First Author  Reeves PLS Year  2017
Journal  Eur J Immunol Volume  47
Issue  9 Pages  1550-1561
PubMed ID  28665492 Mgi Jnum  J:249667
Mgi Id  MGI:5924075 Doi  10.1002/eji.201747089
Citation  Reeves PLS, et al. (2017) Antigen presenting cell-targeted proinsulin expression converts insulin-specific CD8+ T-cell priming to tolerance in autoimmune-prone NOD mice. Eur J Immunol 47(9):1550-1561
abstractText  Type 1 diabetes (T1D) results from autoimmune destruction of insulin-producing pancreatic beta cells. Therapies need to incorporate strategies to overcome the genetic defects that impair induction or maintenance of peripheral T-cell tolerance and contribute to disease development.
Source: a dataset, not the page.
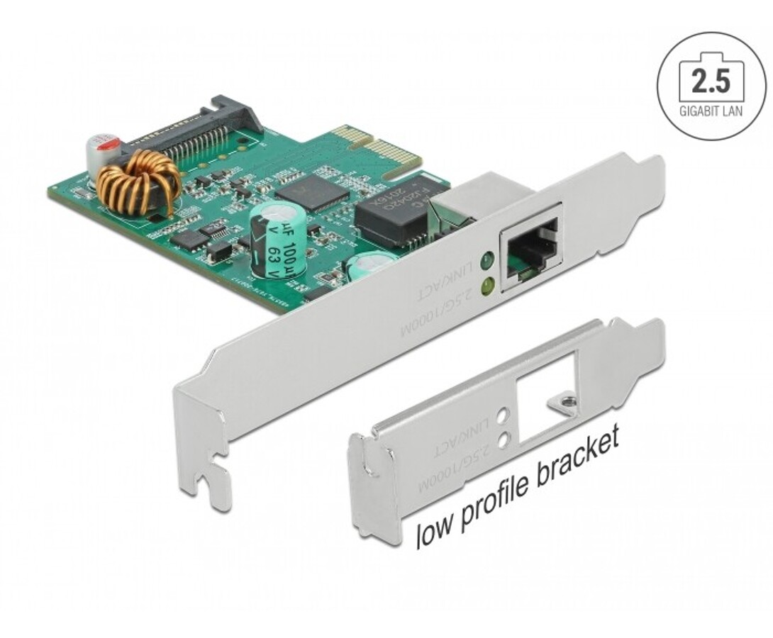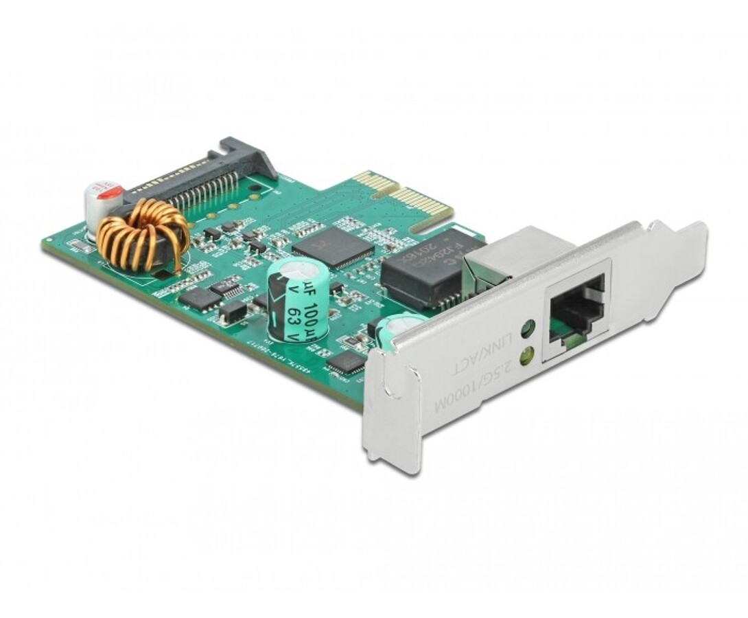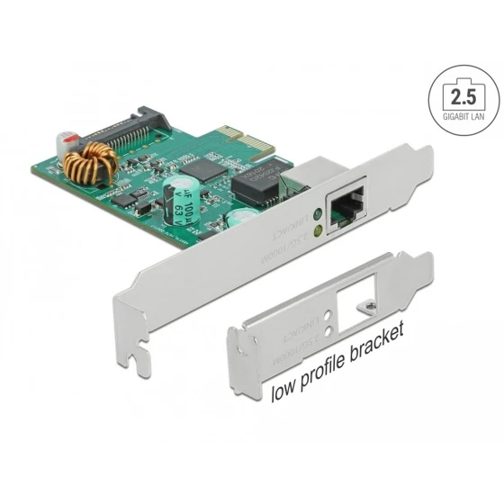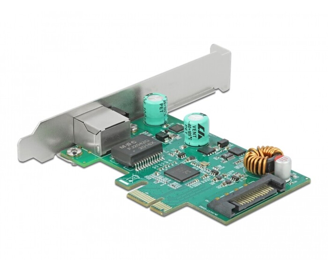 Karta PCI Express marki Delock oferuje port sieciowy z prędkością transmisji danych do 2,5 Gbps, obsługując technologię NBASE-T, która automatycznie wybiera prędkość od 1 Gbps do 2,5 Gbps na standardowym okablowaniu. Karta wspiera zasilanie PoE i PoE+ zgodnie z IEEE 802.3af/at, umożliwiając zasilanie urządzeń sieciowych, takich jak kamery IP lub rozgałęziacze PoE, oraz obsługuje funkcję Wake On LAN (WOL), kodowanie priorytetu warstwy 2, VLAN, pełną kontrolę podwójnego przepływu danych oraz ramki Jumbo 16k.

We tested whether the enforced expression of an islet autoantigen in antigen-presenting cells (APC) counteracted peripheral T-cell tolerance defects in autoimmune-prone NOD mice. We observed that insulin-specific CD8+ T cells transferred to mice in which proinsulin was transgenically expressed in APCs underwent several rounds of division and the majority were deleted. Residual insulin-specific CD8+ T cells were rendered unresponsive and this was associated with TCR downregulation, loss of tetramer binding and expression of a range of co-inhibitory molecules. Notably, accumulation and effector differentiation of insulin-specific CD8+ T cells in pancreatic lymph nodes was prominent in non-transgenic recipients but blocked by transgenic proinsulin expression. This shift from T-cell priming to T-cell tolerance exemplifies the tolerogenic capacity of autoantigen expression by APC and the capacity to overcome genetic tolerance defects.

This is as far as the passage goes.